** Problem statement **
What the answer must contain is every line of the records, exactly, with no pictures.

╭─ Material supplied

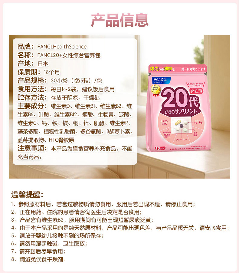 Japan Spot FANCL20 -30 Generation Fangke Female Women's Compound Vitamin Tablets Nutrients
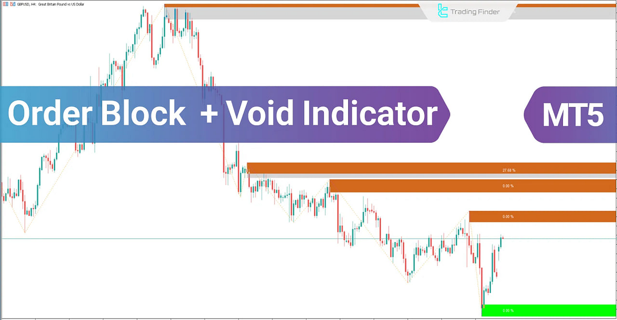 The Order Block + Void Indicator for MetaTrader 5, developed by TradingFinder, is a sophisticated tool designed to assist traders in identifying liquidity zones and visualizing them as order blocks.
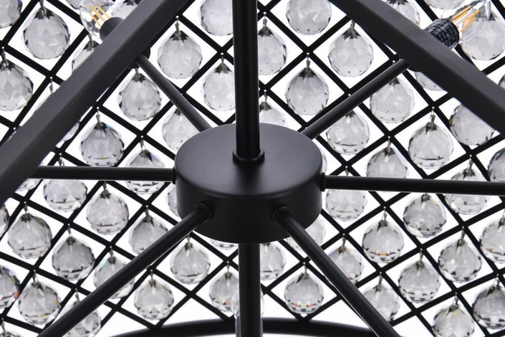 Modern simplicity meets organic beauty in the breathtakingly unique Madison collection. Hand-polished, multifaceted clear, golden-teak, or Silver-shade crystal spheres shimmer like dewdrops in a circular forged-iron grid with a golden-iron, Matte Black, or polished-nickel finish. These airy pendant lamps will brighten up a kitchen, dining room, foyer, or stairwell in an explosion of reflected light.
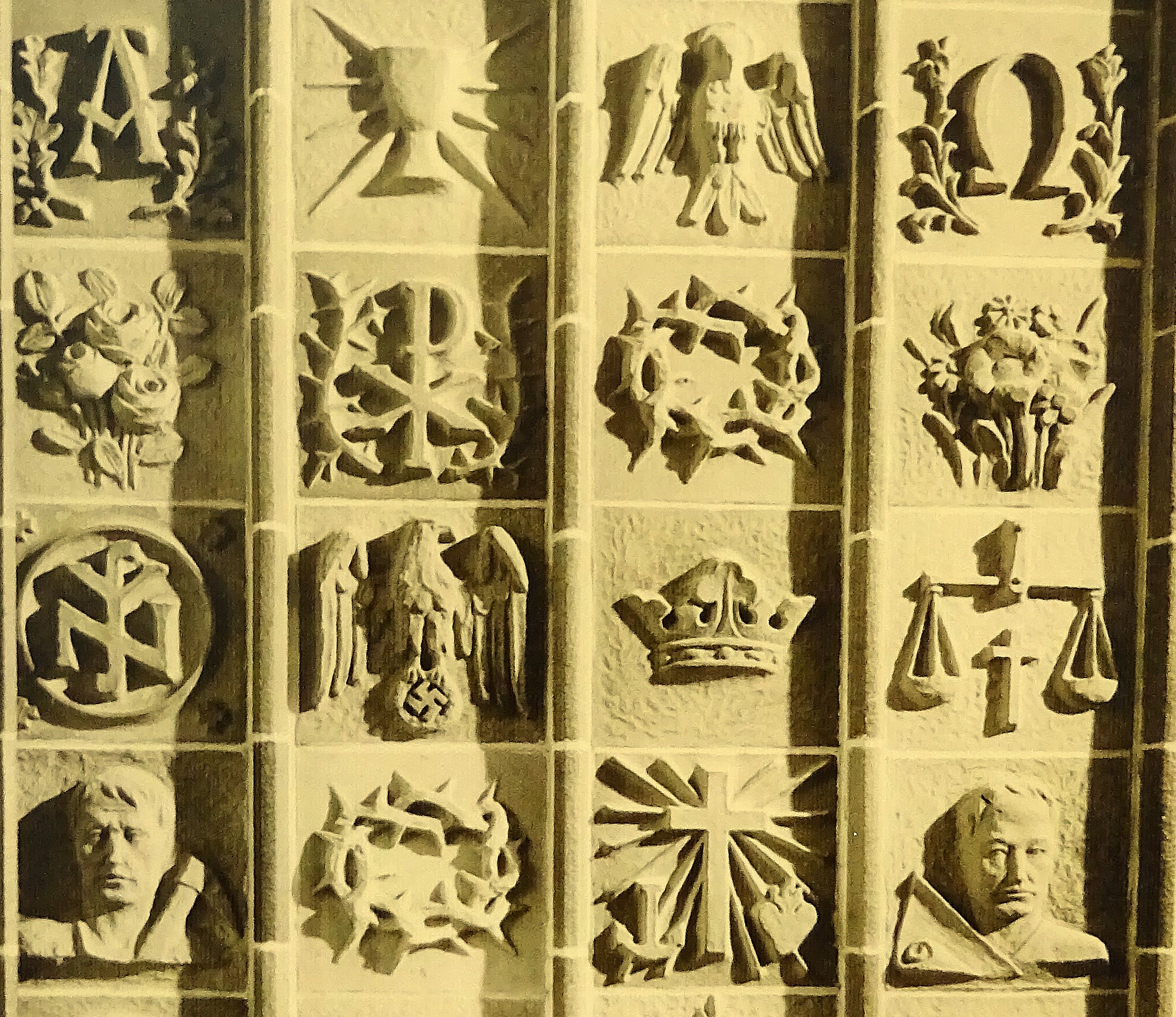 Die Martin-Luther-Gedächtniskirche in Berlin-Mariendorf dokumentiert die Verschmelzung von Christentum und Nationalsozialismus unter der Regie der Deutschen Christen. Bei der Grundsteinlegung im Oktober 1933 feierten sie Hitler als den „von Gott geschenkten Führer". Bei den Reliefkacheln des Triumphbogens hat der Bildhauer Heinrich Mekelburger christliche und nationalsozialistische Symbole verwendet. In der Vorhalle wurde das Hitler-Porträt gleich nach dem Krieg von den Amerikanern entfernt.
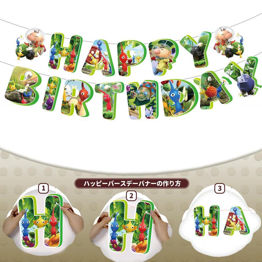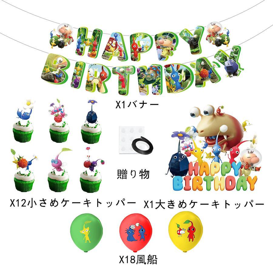 ①ハッピーバースデーバナー×1個②ケーキトッパー×13個(大*1、小*12)③風船×18個④テープシート⑤リボン
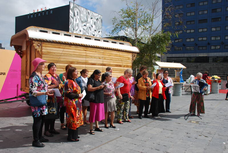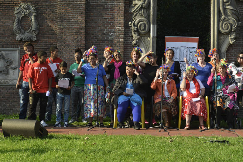 Het Mama Verhalen Koor is een kleurrijke groep
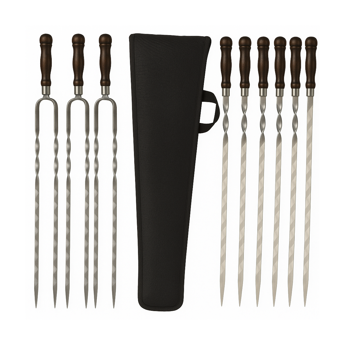 Наша продукция - шампуры в футляре предлагает удобство, защиту и организацию для вашего гриля или барбекю.
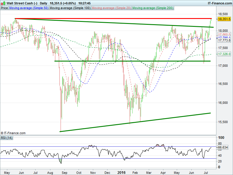 Wall Street/Dow Jones futures are holding around fresh all-time intraday highs 18372. Retrace or further to run?
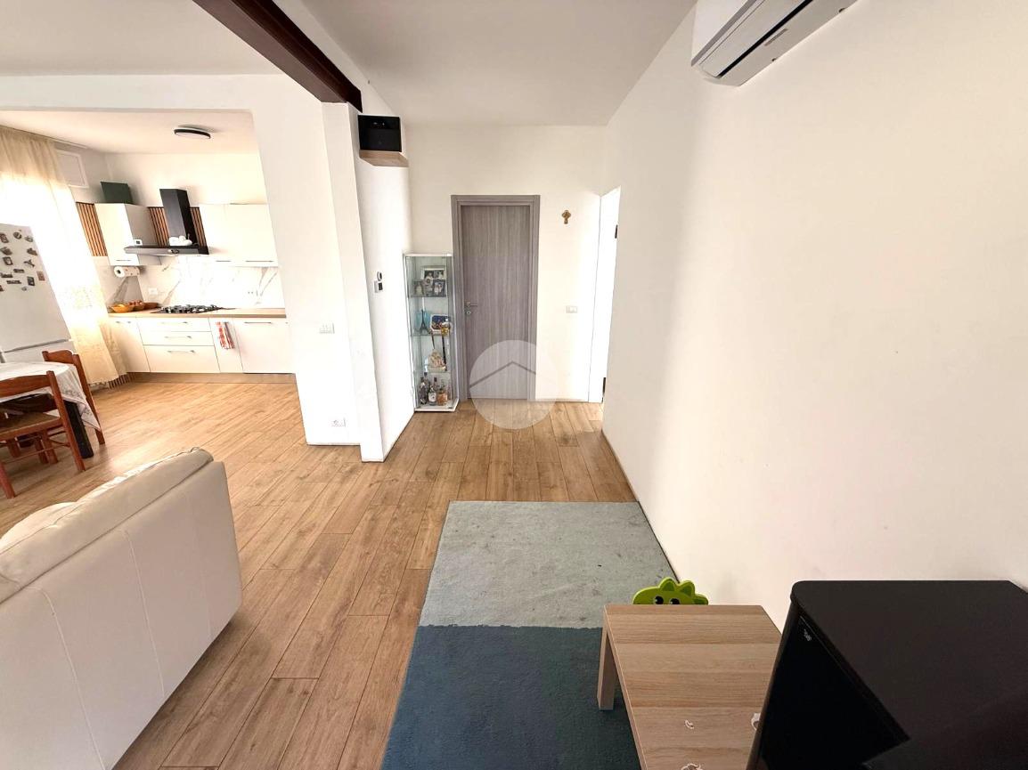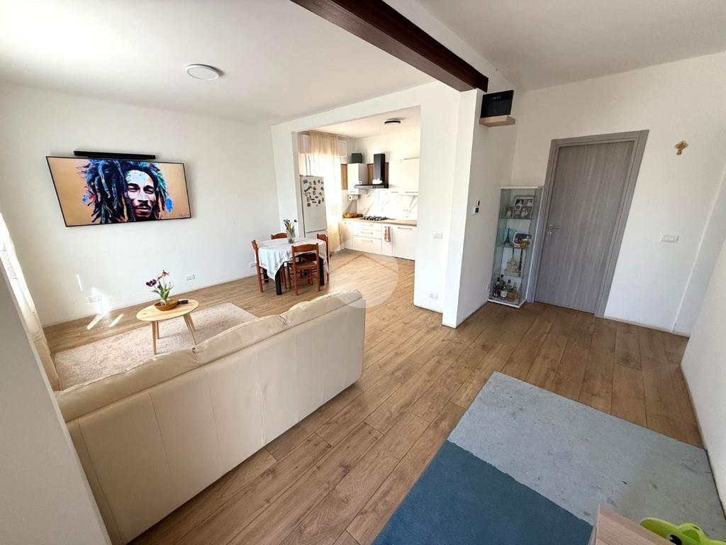 Gli spazi interni, moderni e ben distribuiti, accolgono una luminosa zona giorno open space con cucina e soggiorno, creando un ambiente conviviale e funzionale. La zona notte è composta da due camere da letto e due bagni, mentre una comoda area lavanderia/ripostiglio completa l’organizzazione degli ambienti, rendendo la casa pratica e adatta alle esigenze quotidiane.
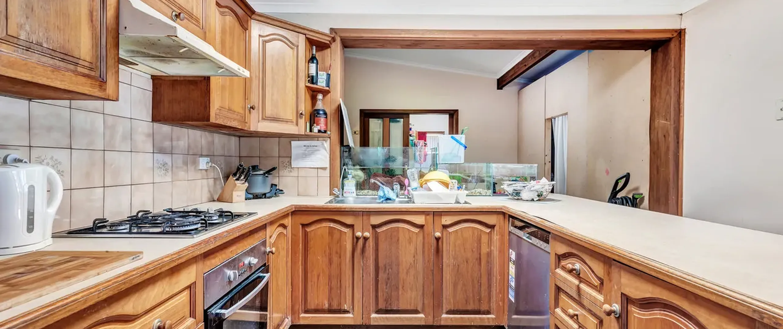 - Timber kitchen with breakfast bar, gas cooktop and dishwasher
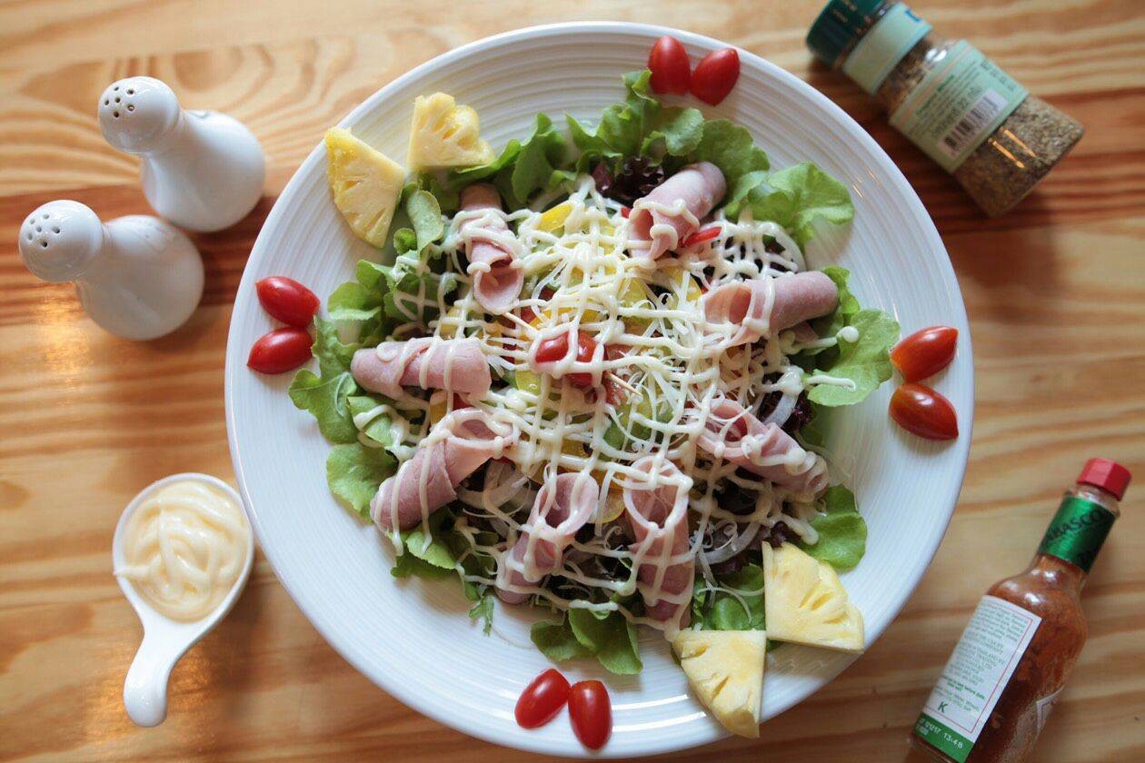 สลัดทูน่า สลัดปูอัด สลัดผัก ไส้กรอกทอด |
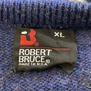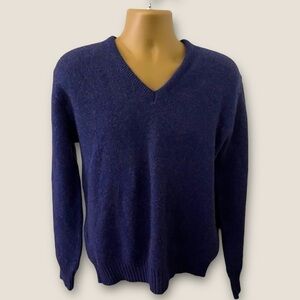 Vintage 70s Robert Bruce Wool Blend V-Neck Sweater Blue XL
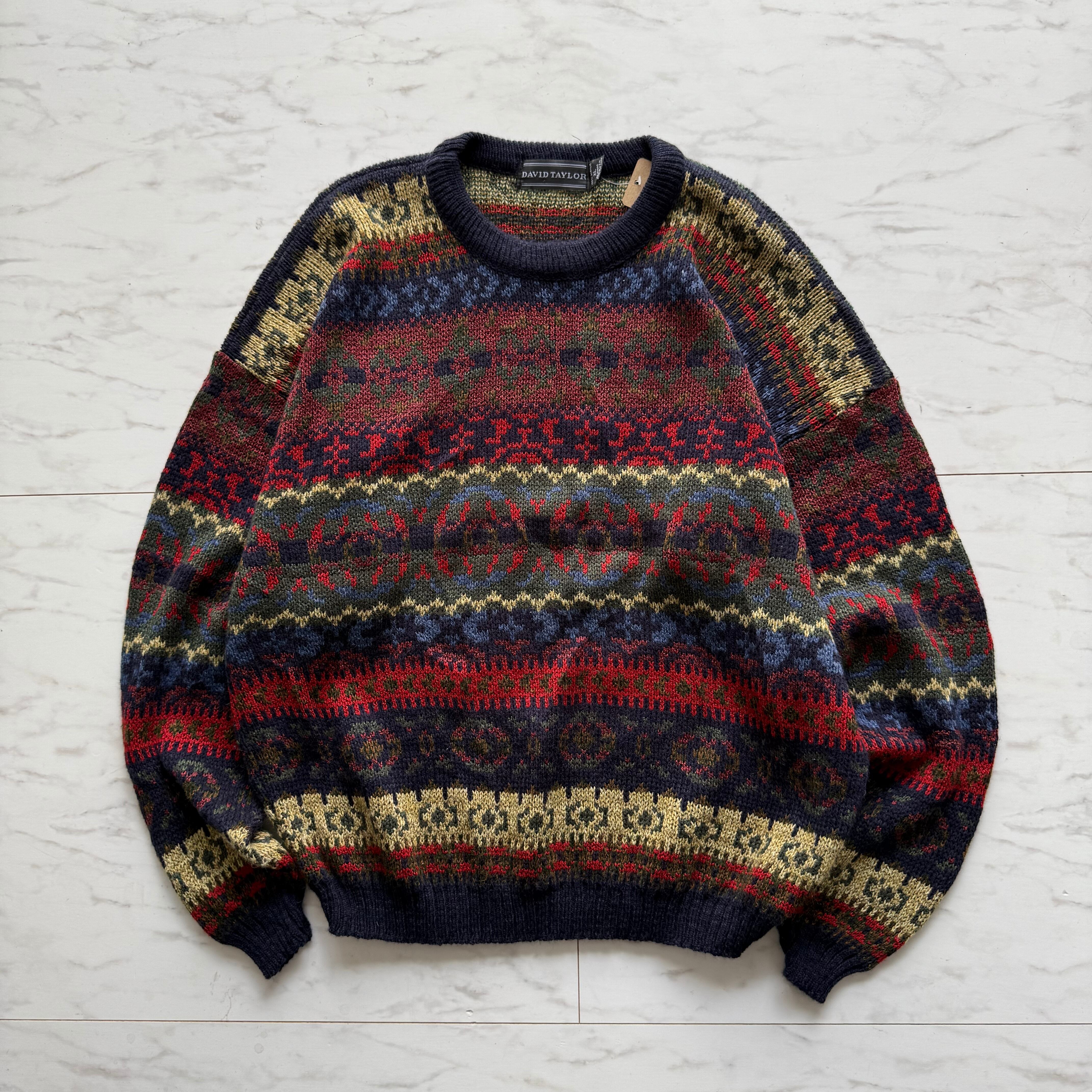 80s~90s USA製 DAVID TAYLOR design Knit men'sXL
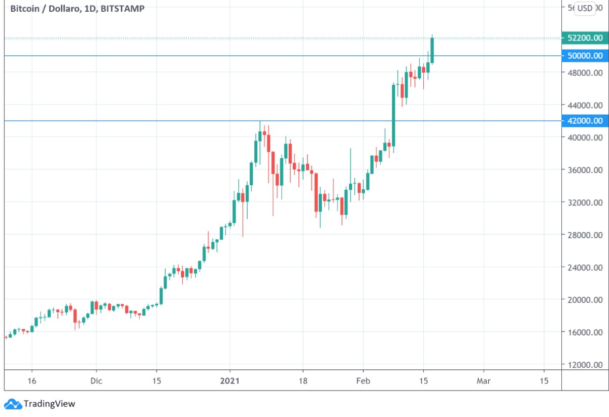 Nelle giornate del 16 e 17 Febbraio, il Bitcoin ha prima toccato e poi superato con decisione quota 50.000 dollari facendo, così, registrare un nuovo massimo storico. Questo evento rappresenta il culmine di un forte rally che ha caratterizzato le quotazioni della criptovaluta, soprattutto a partire dalla fine di Ottobre 2020. All’inizio dello stesso mese il Bitcoin quotava circa 10.000 dollari, il che significa che da quel momento ad oggi lo strumento ha fatto registrare una salita del 400% (da area 10.000 fino ad area 50.000 dollari) in soli 4 mesi.
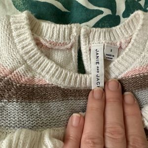 Corduroy wide leg sailor pants with gold buttons with matching striped and ruffled knit sweater.
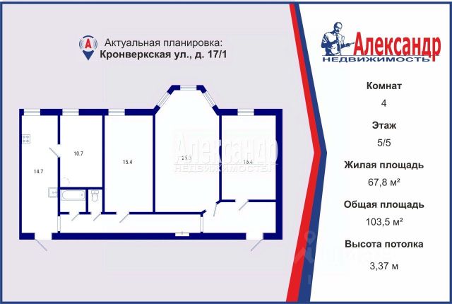 1705836 Прямая продажа квартиры в центре Санкт-Петербурга. До станций метро "Горьковская" и "Петроградская" пешком 7-8 минут. Окна квартиры выходят в просторный двор. Квартира 4-х комнатная. Располагается на 2 этаже, на 1 -коммерческие помещения. Общая площадь квартиры 90 м кв. Потолки - 3,14 м. Комнаты отдельные: 17,5 +12 + 14 + 11,1 = 54,6 жилая площадь. Кухня: 14,4 м кв. Плита газовая. Санузел раздельный: для удобства установлена душевая кабина. Горячее водоснабжение - газовая колонка и электрический водонагреватель. Отопление центральное Год постройки дома 1898г. Капремонт 1960г. Квартира расположена в историческом центре Санкт-Петербурга. В шаговой доступности Петропавловская крепость, Музей артиллерии, Ленинградский зоопарк, Александровский парк, легендарный Крейсер Аврора, Ботанический сад, множество музеев, театров, прогулочных парков и скверов. Для повседневной жизни есть всё необходимое современному человеку: общеобразовательные школы высокого уровня обучения, детские сады, РГУП им.В.М. Лебедева, Северо-Западный филиал, Первый Санкт-Петербургский государственный медицинский университет им. И.П. Павлова, фитнес клубы, поликлиники, аптеки, магазины сетевики ( Магнит, Пятерка, Перекресток), множество кафе, рестораны на любой вкус и кошелёк. Близость метро позволяет быстро перемещаться в любом направлении по городу - две разные ветки. Автобусы, троллейбусы и трамвай довезут также быстро по выделенным линиям до нужного Вам места города. Парковать свой автомобиль можно во дворе дома- это закрытая приватная территория. Квартира не является памятником архитектуры или объектом культурного наследия, под охраной КГИОП не состоит. Собственник в квартире один. Подходит под ипотеку. Никто не прописан. Документы готовы к продаже. Смотрите, покупайте! Продам 4-комнатную квартиру, подойдёт для элитной жизни на улице Кронверкская в Санкт-Петербурге.
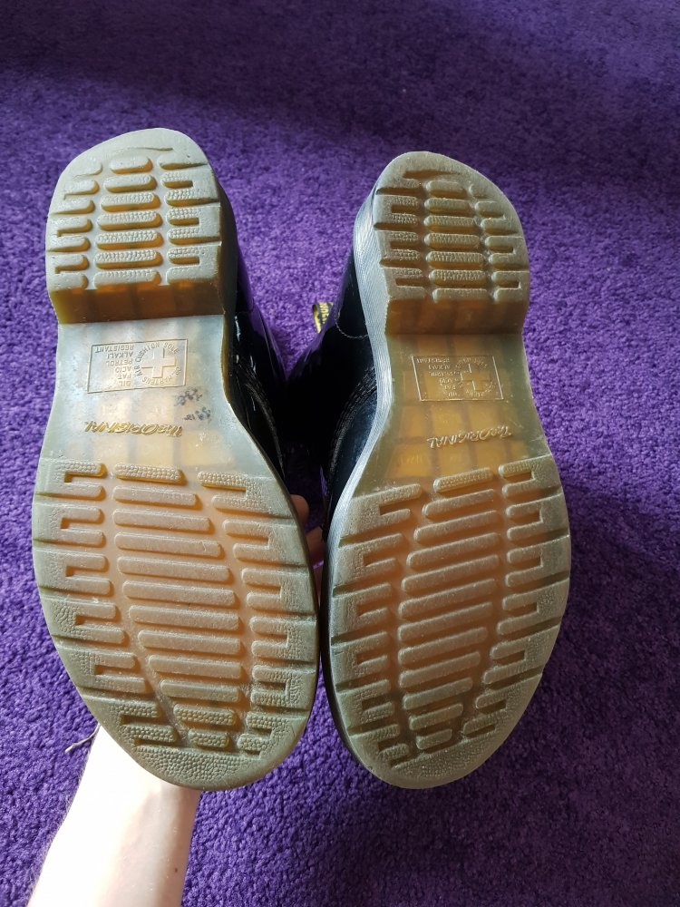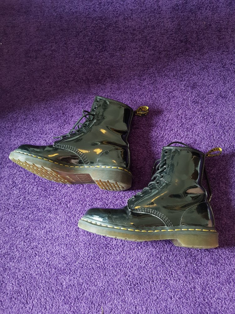 Die Dr. Martens Lacklederstiefel sind in einem guten getragenen Zustand, wie an der charakteristischen, für Füße so gesunden Sohle oder Schnürsenkeln usw. zu sehen ist. Auch das Lackleder ist in einem guten, getragenen Zustand, hat jedoch vereinzelte Unebenheiten bzw. einzelne Stellen wo die Beschichtung nicht mehr da ist. Das habe ich versucht auf den Fotos einzufangen. Wenn du da noch Fragen hast, melde dich gerne.

╰─

** Result below **
 Japan Spot FANCL20 -30 Generation Fangke Female Women's Compound Vitamin Tablets Nutrients
 The Order Block + Void Indicator for MetaTrader 5, developed by TradingFinder, is a sophisticated tool designed to assist traders in identifying liquidity zones and visualizing them as order blocks.
 Modern simplicity meets organic beauty in the breathtakingly unique Madison collection. Hand-polished, multifaceted clear, golden-teak, or Silver-shade crystal spheres shimmer like dewdrops in a circular forged-iron grid with a golden-iron, Matte Black, or polished-nickel finish. These airy pendant lamps will brighten up a kitchen, dining room, foyer, or stairwell in an explosion of reflected light.
 Die Martin-Luther-Gedächtniskirche in Berlin-Mariendorf dokumentiert die Verschmelzung von Christentum und Nationalsozialismus unter der Regie der Deutschen Christen. Bei der Grundsteinlegung im Oktober 1933 feierten sie Hitler als den „von Gott geschenkten Führer". Bei den Reliefkacheln des Triumphbogens hat der Bildhauer Heinrich Mekelburger christliche und nationalsozialistische Symbole verwendet. In der Vorhalle wurde das Hitler-Porträt gleich nach dem Krieg von den Amerikanern entfernt.
 ①ハッピーバースデーバナー×1個②ケーキトッパー×13個(大*1、小*12)③風船×18個④テープシート⑤リボン
 Het Mama Verhalen Koor is een kleurrijke groep
 Наша продукция - шампуры в футляре предлагает удобство, защиту и организацию для вашего гриля или барбекю.
 Wall Street/Dow Jones futures are holding around fresh all-time intraday highs 18372. Retrace or further to run?
 Gli spazi interni, moderni e ben distribuiti, accolgono una luminosa zona giorno open space con cucina e soggiorno, creando un ambiente conviviale e funzionale. La zona notte è composta da due camere da letto e due bagni, mentre una comoda area lavanderia/ripostiglio completa l’organizzazione degli ambienti, rendendo la casa pratica e adatta alle esigenze quotidiane.
 - Timber kitchen with breakfast bar, gas cooktop and dishwasher
 สลัดทูน่า สลัดปูอัด สลัดผัก ไส้กรอกทอด |
 Vintage 70s Robert Bruce Wool Blend V-Neck Sweater Blue XL
 80s~90s USA製 DAVID TAYLOR design Knit men'sXL
 Nelle giornate del 16 e 17 Febbraio, il Bitcoin ha prima toccato e poi superato con decisione quota 50.000 dollari facendo, così, registrare un nuovo massimo storico. Questo evento rappresenta il culmine di un forte rally che ha caratterizzato le quotazioni della criptovaluta, soprattutto a partire dalla fine di Ottobre 2020. All’inizio dello stesso mese il Bitcoin quotava circa 10.000 dollari, il che significa che da quel momento ad oggi lo strumento ha fatto registrare una salita del 400% (da area 10.000 fino ad area 50.000 dollari) in soli 4 mesi.
 Corduroy wide leg sailor pants with gold buttons with matching striped and ruffled knit sweater.
 1705836 Прямая продажа квартиры в центре Санкт-Петербурга. До станций метро "Горьковская" и "Петроградская" пешком 7-8 минут. Окна квартиры выходят в просторный двор. Квартира 4-х комнатная. Располагается на 2 этаже, на 1 -коммерческие помещения. Общая площадь квартиры 90 м кв. Потолки - 3,14 м. Комнаты отдельные: 17,5 +12 + 14 + 11,1 = 54,6 жилая площадь. Кухня: 14,4 м кв. Плита газовая. Санузел раздельный: для удобства установлена душевая кабина. Горячее водоснабжение - газовая колонка и электрический водонагреватель. Отопление центральное Год постройки дома 1898г. Капремонт 1960г. Квартира расположена в историческом центре Санкт-Петербурга. В шаговой доступности Петропавловская крепость, Музей артиллерии, Ленинградский зоопарк, Александровский парк, легендарный Крейсер Аврора, Ботанический сад, множество музеев, театров, прогулочных парков и скверов. Для повседневной жизни есть всё необходимое современному человеку: общеобразовательные школы высокого уровня обучения, детские сады, РГУП им.В.М. Лебедева, Северо-Западный филиал, Первый Санкт-Петербургский государственный медицинский университет им. И.П. Павлова, фитнес клубы, поликлиники, аптеки, магазины сетевики ( Магнит, Пятерка, Перекресток), множество кафе, рестораны на любой вкус и кошелёк. Близость метро позволяет быстро перемещаться в любом направлении по городу - две разные ветки. Автобусы, троллейбусы и трамвай довезут также быстро по выделенным линиям до нужного Вам места города. Парковать свой автомобиль можно во дворе дома- это закрытая приватная территория. Квартира не является памятником архитектуры или объектом культурного наследия, под охраной КГИОП не состоит. Собственник в квартире один. Подходит под ипотеку. Никто не прописан. Документы готовы к продаже. Смотрите, покупайте! Продам 4-комнатную квартиру, подойдёт для элитной жизни на улице Кронверкская в Санкт-Петербурге.
 Die Dr. Martens Lacklederstiefel sind in einem guten getragenen Zustand, wie an der charakteristischen, für Füße so gesunden Sohle oder Schnürsenkeln usw. zu sehen ist. Auch das Lackleder ist in einem guten, getragenen Zustand, hat jedoch vereinzelte Unebenheiten bzw. einzelne Stellen wo die Beschichtung nicht mehr da ist. Das habe ich versucht auf den Fotos einzufangen. Wenn du da noch Fragen hast, melde dich gerne.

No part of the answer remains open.